The output of the inverted index for a single word query is a list of indexed documents (Wikipedia articles), each given a score depending on how often the word in question occurred in them (weighted by the total number of words in the document). Mathematically, this list is an N-dimensional vector of word-document scores, where a document not containing the query word has score zero. To compute the relatedness of two words, one compares the vectors (say u and v) by computing the cosine similarity,

$$\mathsf{sim}(\mathbf{u}, \mathbf{v})
    = \frac{\mathbf{u} \cdot \mathbf{v}}{\|\mathbf{u}\| \|\mathbf{v}\|}
    = \frac{\sum_{i=1}^N u_i v_i}{\sqrt{\sum_{i=1}^N u_i^2}\sqrt{\sum_{i=1}^N v_i^2}}$$

and this gives a numeric estimate of the semantic relatedness of the words.
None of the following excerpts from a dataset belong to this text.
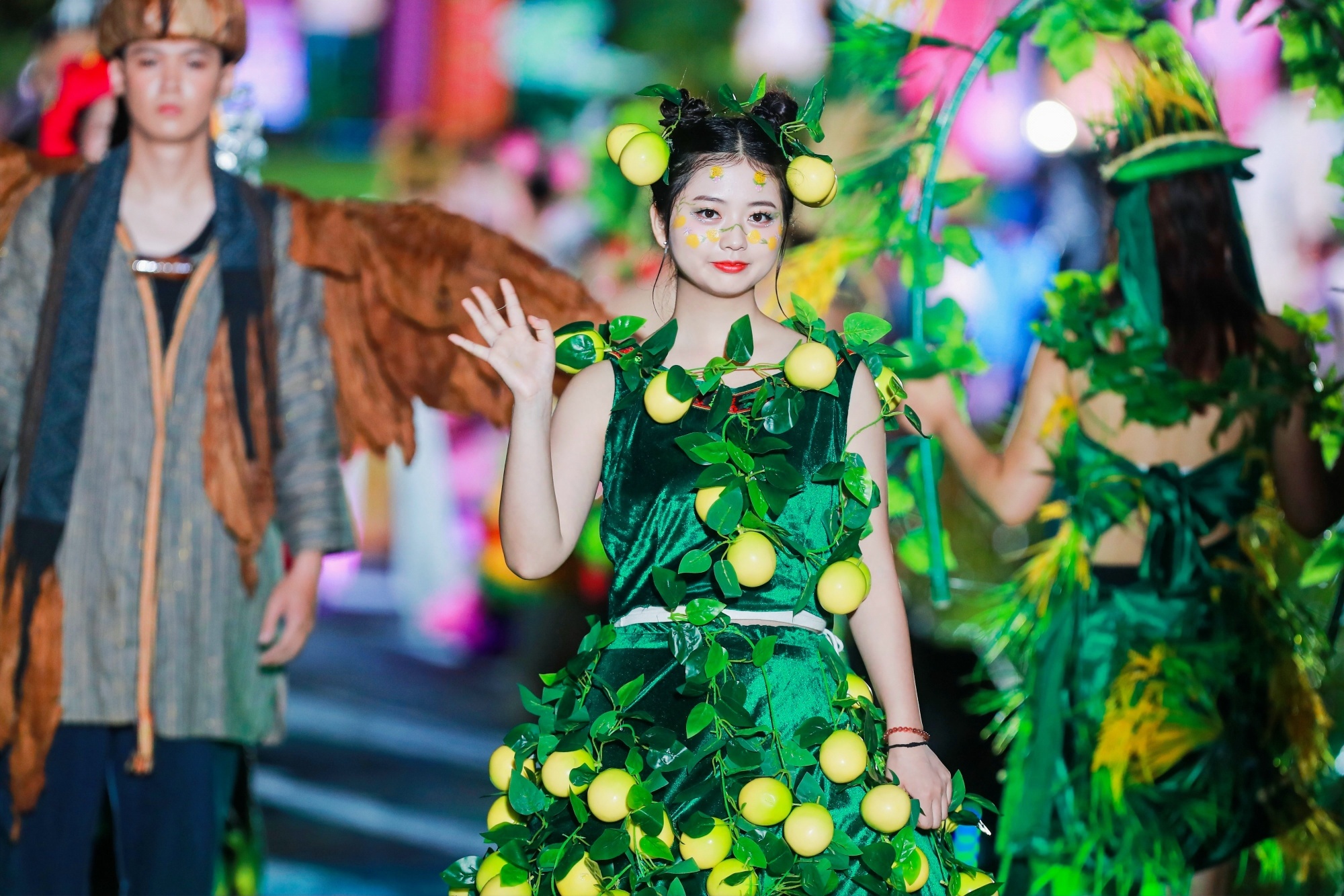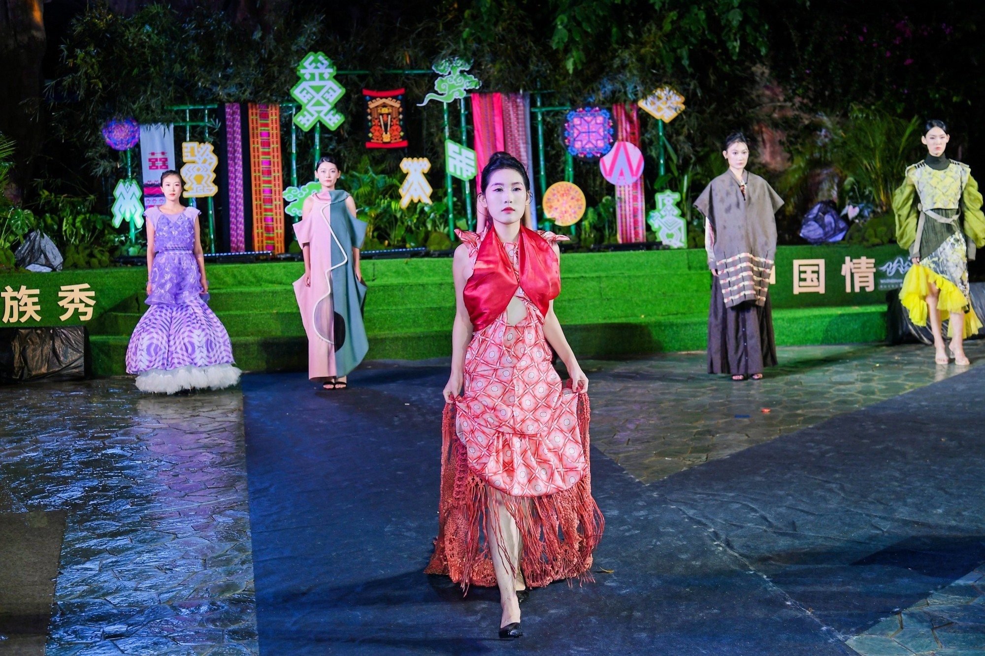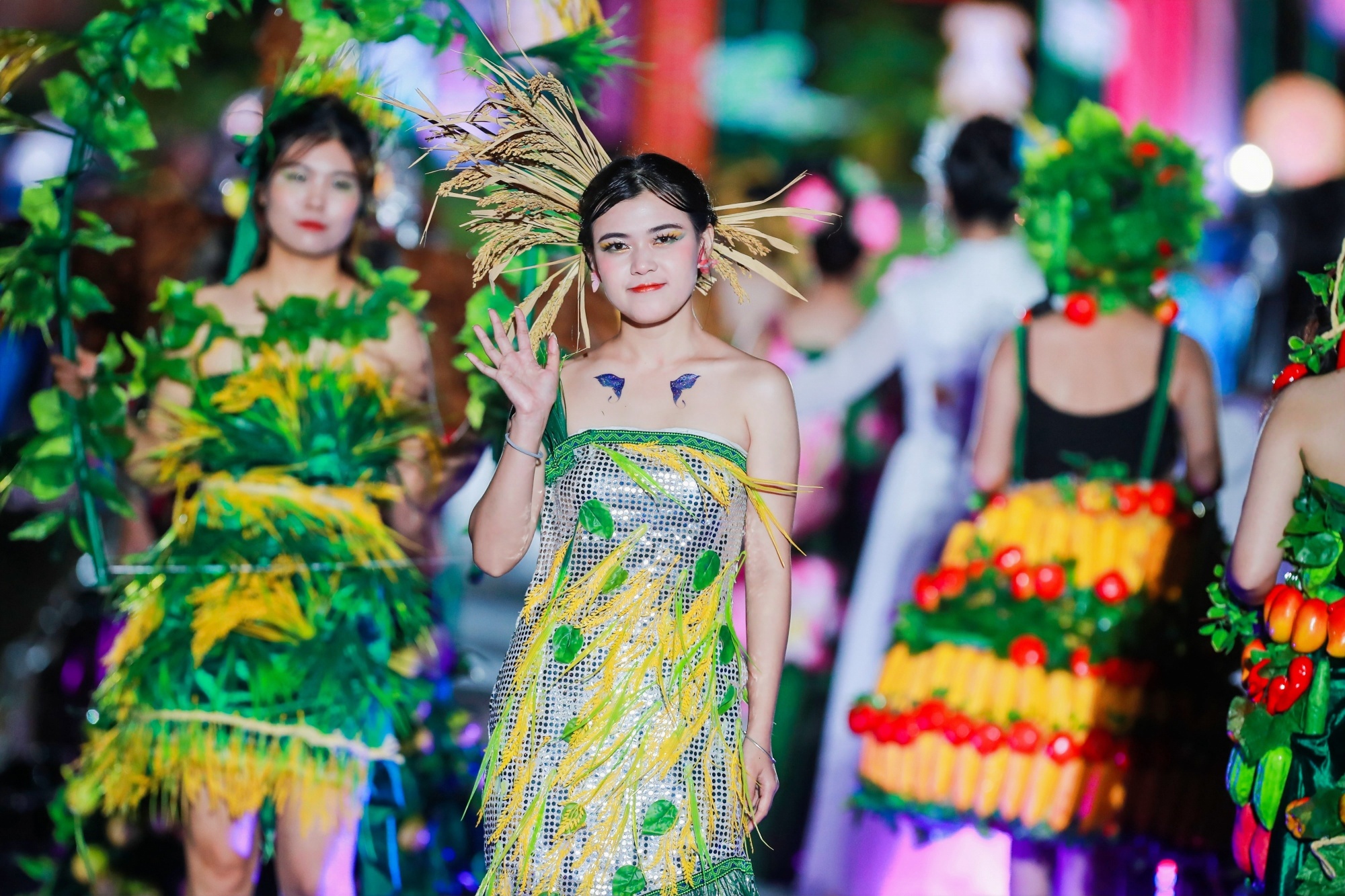 村民“模特们”身着意大利马兰戈尼学院设计师设计的新潮服饰以及各乡镇极具人气的“丰收女神”“苗族女神”、“百香果仙子”等闪亮登场,给观众带来一场精彩绝伦的视觉享受。
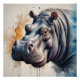 A Hippopotamus with detailed watercolor with expressive eyes is portrayed against a soft, blurred background. The natural colours enhance the lifelike appearance.
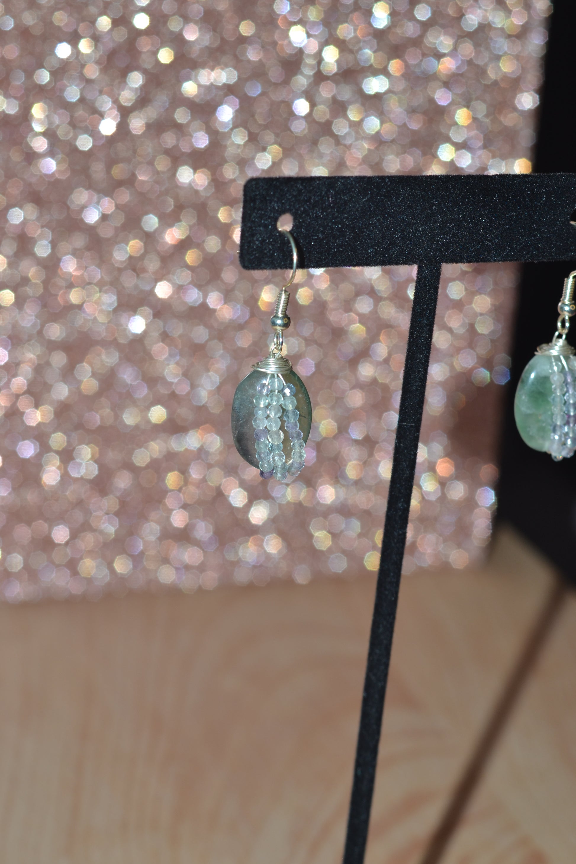 Step into flow, focus, and feminine grace with our Clarity Cascade earrings—handcrafted with 27 faceted fluorite beads that shimmer in a dreamy spectrum of greens, purples, and blues. Each stone is carefully wrapped in sterling silver wire and suspended from hypoallergenic, gold-plated sterling silver hooks for all-day comfort and brilliance.

The scheme is extended from single words to multi-word texts by simply summing the vectors of all words in the text.

==Analysis==
ESA, as originally posited by Gabrilovich and Markovitch, operates under the assumption that the knowledge base contains topically orthogonal concepts. However, it was later shown by Anderka and Stein that ESA also improves the performance of information retrieval systems when it is based not on Wikipedia, but on the Reuters corpus of newswire articles, which does not satisfy the orthogonality property; in their experiments, Anderka and Stein used newswire stories as "concepts". To explain this observation, links have been shown between ESA and the generalized vector space model. Gabrilovich and Markovitch replied to Anderka and Stein by pointing out that their experimental result was achieved using "a single application of ESA (text similarity)" and "just a single, extremely small and homogenous test collection of 50 news documents".

==Applications==
=== Word relatedness ===
ESA is considered by its authors a measure of semantic relatedness (as opposed to semantic similarity). On datasets used to benchmark relatedness of words, ESA outperforms other algorithms, including WordNet semantic similarity measures and skip-gram Neural Network Language Model (Word2vec).
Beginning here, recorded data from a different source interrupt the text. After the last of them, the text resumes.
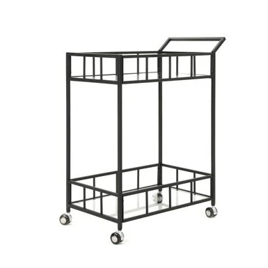 MODERN DESIGN: With clean, precise lines, our bar cart is the ideal modern accessory for your indoor or outdoor space. Finished with a sleek metal frame and tempered glass shelves, this cart not only offers a chic, minimalistic look but also provides incredible structure.Â
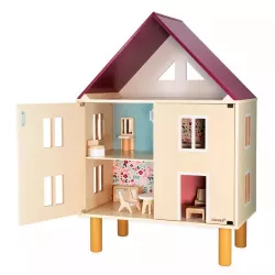 Decorada com bonitos padrões nas paredes e no chão, esta encantadora casa de madeira tem aberturas magnéticas e dispõe de uma grande área para brincar.
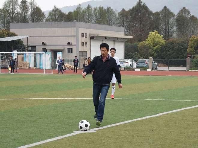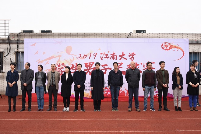 3月29日下午,2019年江南大学学生男子足球赛开幕式在学校西北操场成功举办。本届足球赛由江南大学体育运动委员会主办,商学院承办。校党委副书记戴月波、体育部党总支书记戴建明、商学院党委书记李佳敏、体育部副主任戴平以及部分参赛学院党委副书记出席开幕式。商学院啦啦操队带来了精彩的暖场表演,伴随着庄严的国歌,开幕式正式拉开帷幕。
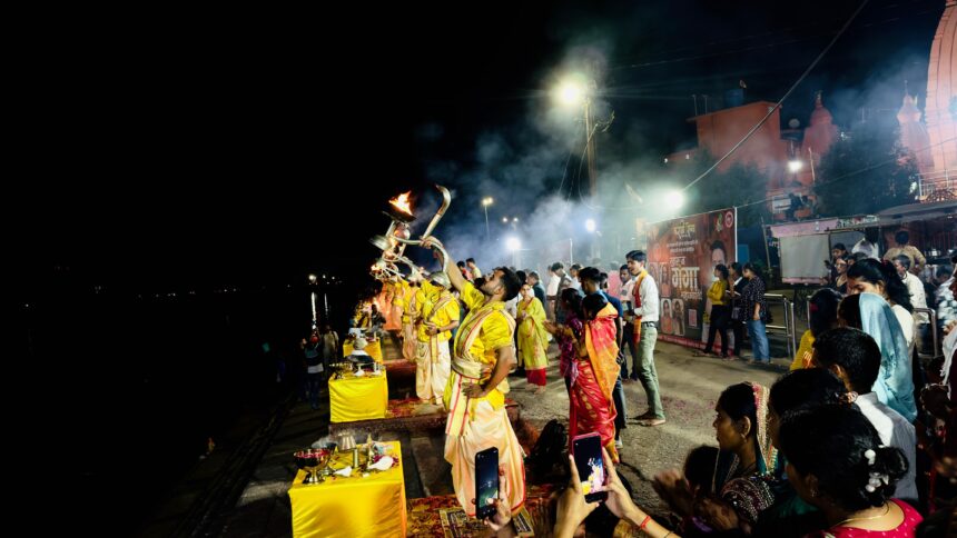 भादौ पूर्णिमा की संध्या पर एक बार फिर महादेव घाट रायपुर पर सजी खारुन गंगा महाआरती की छटा, पितरों को अर्पित किए गए आरती के पुण्य
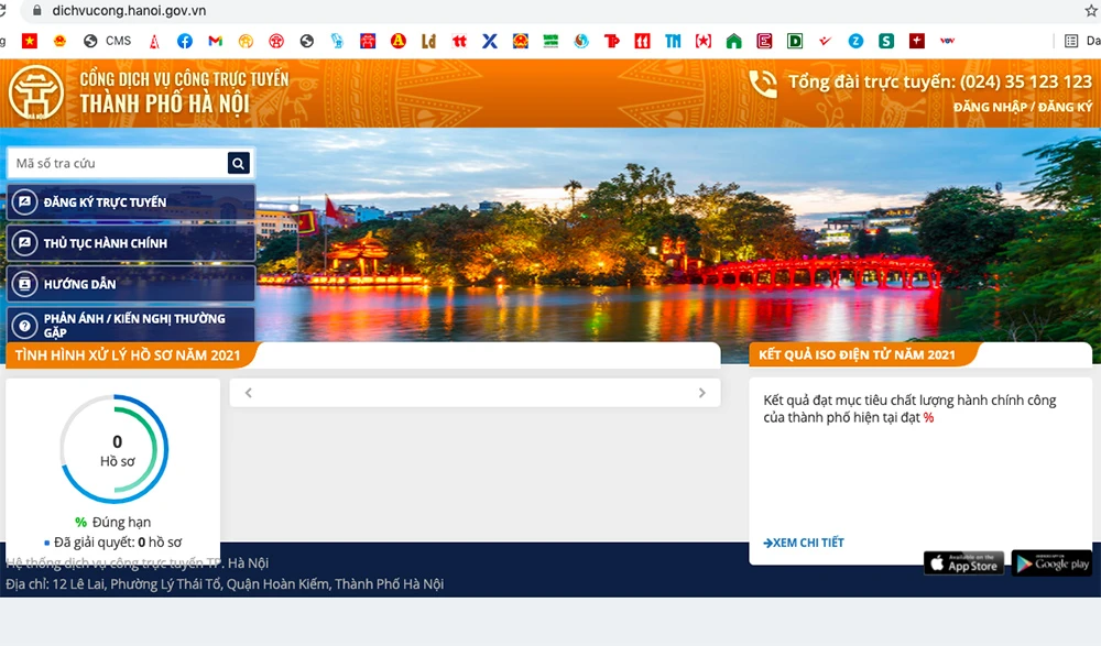 Cổng dịch vụ công trực tuyến của TP Hà Nội đang bị lỗi hai chuyên mục quan trọng đăng ký trực tuyến và thủ tục hành chính

===Document relatedness===
ESA is used in commercial software packages for computing relatedness of documents. Domain-specific restrictions on the ESA model are sometimes used to provide more robust document matching.

==Extensions==
Cross-language explicit semantic analysis (CL-ESA) is a multilingual generalization of ESA. CL-ESA exploits a document-aligned multilingual reference collection (e.g., again, Wikipedia) to represent a document as a language-independent concept vector. The relatedness of two documents in different languages is assessed by the cosine similarity between the corresponding vector representations.